An entry's map contains a `cik` (the identifier the SEC uses for a company or security), a `link` to the filing, a `category` which represents the category of filing (10-K, 10-Q, 4, etc.), an `rss_feed_id` which represents a unique id of the entry, a `summary` which is a short summary of the document, a filing `title` and an `updated_date`. The feed is a map of those entries and an `updated` date of the feed.

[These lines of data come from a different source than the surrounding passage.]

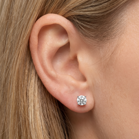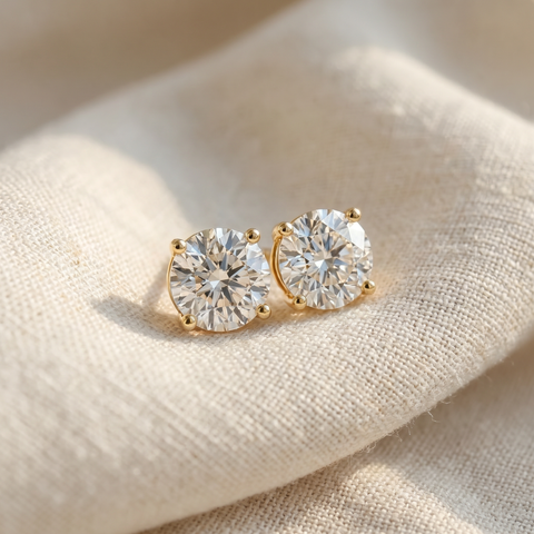 Round Four Prong Diamond Studs Lab Grown 14k Gold
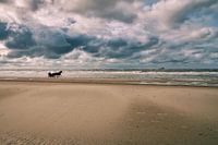 paarden met sulky op het Noordzeestrand tijdens de herfst perioden. Tevens mooie wolkenluchten boven de Noordzee.
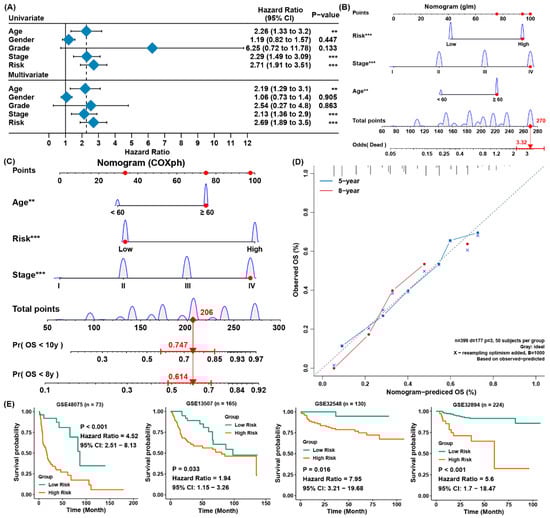 Establishing a predictive nomogram and external verification. (A) Univariate and multivariate Cox analysis of clinical parameters and risk scores with outcome of overall survival of the patients with BLCA from TCGA; (B) the nomogram to predict the rates of death of patients with BLCA; (C) the nomogram to predict overall survival outcomes of BLCA patients for five and ten years; (D) the calibration curve to evaluate the accuracy of the nomogram constructed based on gene signature; (E) verification of the ferroptosis-associated gene signature in four external cohorts from GEO. ** p< 0.01, *** p < 0.001.
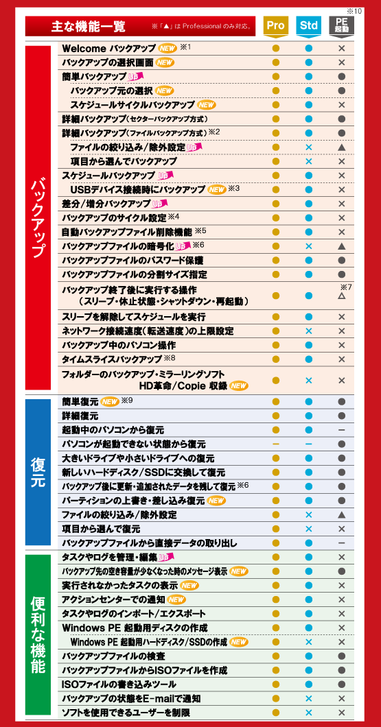 BackUp Next Ver.5のすべての機能が搭載されたラインナップです。

Be bold, use this tool to bring some sanity to parsing the SEC's XML feed and feel free to contribute!

## Installation

This project is [available in Hex](https://hex.pm/packages/sec_recent_filings_rss_feed_parser) and the package can be installed as:

  1. Add sec_latest_filings_rss_feed_parser to your list of dependencies in `mix.exs`:

        def deps do
          [{:sec_latest_filings_rss_feed_parser, "~> 0.0.3"}]
        end

  2. Ensure sec_latest_filings_rss_feed_parser is started before your application:

        def application do
          [applications: [:sec_latest_filings_rss_feed_parser]]
        end

## License

This library is under the MIT [license](LICENSE.md).